It takes Marie a long time to fall asleep again, long after Jason’s own pulse grows sluggish under her lips.

They don’t overlap outside that often, not without intention. Marie doesn’t let herself adopt the same strictness of routine Jason does. She refuses. He might be driven from their home every day by endless and inescapable coercions—but Marie will only let herself live like she wants. With Jason, but only as herself: she drifts to markets, to beaches, whenever she wants, wherever the mood takes her. She makes what passes for friends even if she lies every time she speaks to them.

She smiles. Every day, Marie smiles at anyone she can.

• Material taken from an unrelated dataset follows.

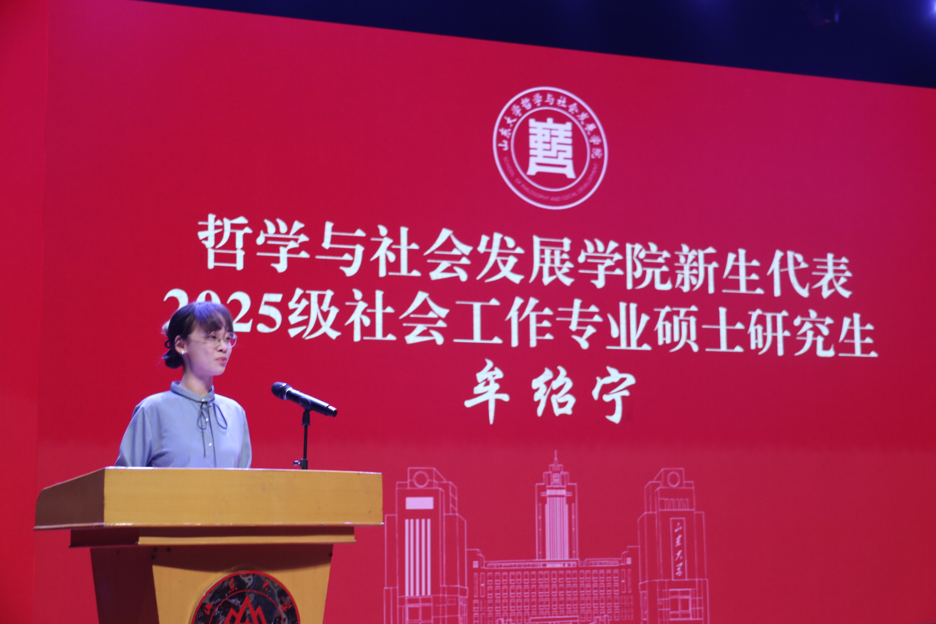 2023级哲学拔尖班本科生孙铭昊作为老生代表发言。他鼓励同学们跳出舒适区、深耕学术,在追问自我中找准方向,守护好自己的主体性和生命的整全,在学校和学院提供的广阔平台中不断提升能力,成长为有担当的山大人。
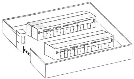Крыши одноэтажных зданий (гаражей, хозяйственных построек), являющихся продолжением периметра объекта, должны иметь механическую защиту от проникновения на них. Для усиления защиты отдельных объектов, в частности автостоянок, следует устанавливать по верхнему краю внешнего ограждения «козырек» из трех-четырех рядов колючей проволоки или инженерное средство защиты типа «Спираль АКЛ».

Today, a sudden storm arrives without warning on her way back from buying groceries, nearly soaking through to her skin by the time Marie's approaching their cottage door. She has to squint through the rivulets dripping down her face to make out the fact that Jason’s there, too, only just back from wherever it is he went. Marie woke up alone. She hasn’t seen him all morning. Until now, colliding on their own shared threshold.

She'd forgotten the tote bag she meant to bring with her to the market. The paper bag she’s clutching to her chest is so wet it rips open, everything she’d bought tumbling at their feet.

Marie laughs but Jason doesn’t. Wherever he’s been, whatever he’s been trying to run away from, it’s left him so far-removed that he seems almost surprised to see her again. The incongruity lifts the corners of Marie's mouth; faint delight at the little things that can catch Jason off-guard, so much more banal than the unimaginable knowledge he makes his peace with every day.

Or at least—he tries to make peace with it. Lately, he’s been running more and more.

When the door’s shut behind them, Jason finally smiles. But only just, only faintly. Marie hasn’t seen anything more than that in weeks. It builds something in her, a nagging dread rolling thickly in her stomach that she tries to ignore. She’s been trying for months, and every day it gets harder.

Marie wants to reorient them. To bring them back to the beginning. She pushes Jason against the doorframe and his hand comes out immediately, hovering over her shoulder, still caught in that state of uncharacteristic surprise.

She licks a long line of trailing rainwater out of Jason’s throat. His hand settles then, his fingers thread into her hair tightly; Marie feels that whole-body shift, even lightly pressed against him. When she lifts her mouth from Jason’s neck he’s already chasing it with his own.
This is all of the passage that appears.